If you see a picture in the data below, omit it and copy the rest exactly.
[Opening Data excerpt section]
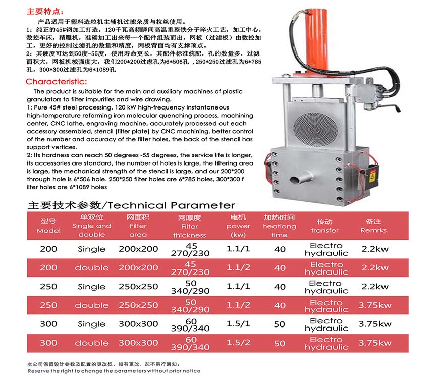 用途:产品适用于塑料造粒机主辅机过滤杂质与拉丝使用。
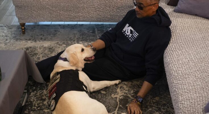 Cessna, a service canine, with Keith Hudson, Dec. 12, 2025. There’s analysis suggesting that these four-legged “battle buddies” can scale back signs of melancholy and nervousness for veterans. But shortages and lengthy wait instances pose boundaries. (Malcolm Jackson/The New York Times)
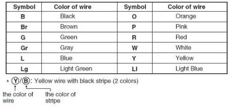 The following abbreviations are used to identify wire colors in the circuit schematics.
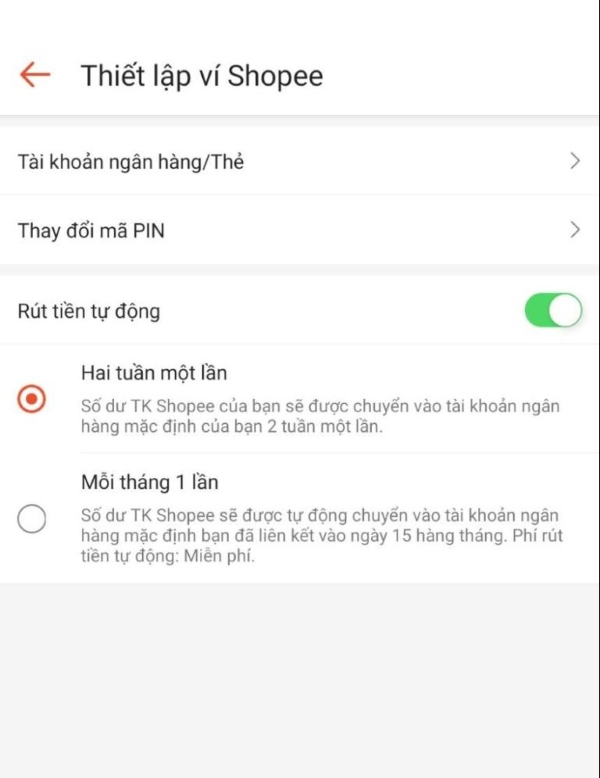 Đối với phương thức rút tiền tự động, bạn cần cho phép thiết lập chức năng thanh toán tự động cho số dư tài khoản Shopee. Theo chính sách chung của Shopee bạn có thể yêu cầu thao tác rút tiền 2 lần/tháng hoặc thời gian cố định 1 lần/tháng. Việc rút tiền về tài khoản ngân hàng đã liên kết sẽ được thực hiện vào thời gian cụ thể là thứ ba của tuần đầu tiên và thời gian tuần thứ 3 trong tháng.
[Closing Data excerpt section]
◆ Answer below:
 用途:产品适用于塑料造粒机主辅机过滤杂质与拉丝使用。
 Cessna, a service canine, with Keith Hudson, Dec. 12, 2025. There’s analysis suggesting that these four-legged “battle buddies” can scale back signs of melancholy and nervousness for veterans. But shortages and lengthy wait instances pose boundaries. (Malcolm Jackson/The New York Times)
 The following abbreviations are used to identify wire colors in the circuit schematics.
 Đối với phương thức rút tiền tự động, bạn cần cho phép thiết lập chức năng thanh toán tự động cho số dư tài khoản Shopee. Theo chính sách chung của Shopee bạn có thể yêu cầu thao tác rút tiền 2 lần/tháng hoặc thời gian cố định 1 lần/tháng. Việc rút tiền về tài khoản ngân hàng đã liên kết sẽ được thực hiện vào thời gian cụ thể là thứ ba của tuần đầu tiên và thời gian tuần thứ 3 trong tháng.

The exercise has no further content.